A very interesting and informative post. With all the hubbub on this site about the fan’s projections not adding up as far as total WAR or total PA (and therefore less valuable than other projections), it’s good to see an alternate take. I feel like the fan’s usually try to project the most likely scenario for any given player, as opposed to the weighted average of all possible scenarios (injury, prolonged slumps, etc). While a weighted average sounds very sabermetric, it really doesn’t provide a true “projection” in my mind. For instance, does anyone really think Albert Pujols is more likely than not to score less than 100 runs for just the second time in his career next year? Marcel and CHONE both predict a career low in runs scored for Albert, never mind the fact that he hasn’t had better hitters around him since 2004. CHONE predicts Albert’s lowest WAR since 2002 by a significant margin.
I feel like projections should always be of the most likely scenario for each individual player. If you think there’s a 10% chance a player gets injured and misses significant time, you probably shouldn’t project him missing much if any time, because a significant injury is not the most likely scenario. Hedging your bets by using a weighted average to project player performance (like CHONE and Marcel seem to do) will yield a sum of predictions that looks good overall, but on a player-by-player basis it will look like you consistently low-ball your predictions.

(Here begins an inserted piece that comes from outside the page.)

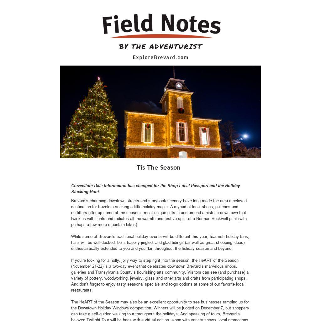 While some of Brevard's traditional holiday events will be different this year, fear not, holiday fans, halls will be well-decked, bells happily jingled, and glad tidings (as well as great shopping ideas) enthusiastically extended to you and your kin throughout the holiday season and beyond.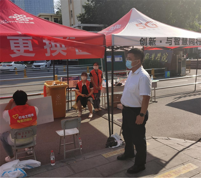 校領(lǐng)導王立正、李廣慧、張凌杰、李連水、惠大眾、黃功學、蔣彥成、張志淮、魏義軍、趙廣杰深入現(xiàn)場指導迎新工作,親切慰問迎新工作人員、學生志愿者和新生。

I agree! Projections should be like a Vegas over/under on playing time. If the Chone projections were used to set the line, Vegas would lose their shirt from people betting the over.
vr, Xei
For as much as we quantify things, has there been much work done to understand differences between projected and actual at bats?
I could see a model-based adjustor to fan projections.
age is an automatic contributor
expected team strength (more competitive teams will give fewer cups-o-coffee)
injury risk (1-10 scale for fan input?)
Take Carlos Lee vs Matt Kemp. In guess 1, both get 490. In guess 2, both get 575. However, Lee being older and on a team not expected to compete…What if he lost 15 at bats and Kemp gained 15. Then it is 590 vs 560, and I’d be willing to bet those would beat either guesses.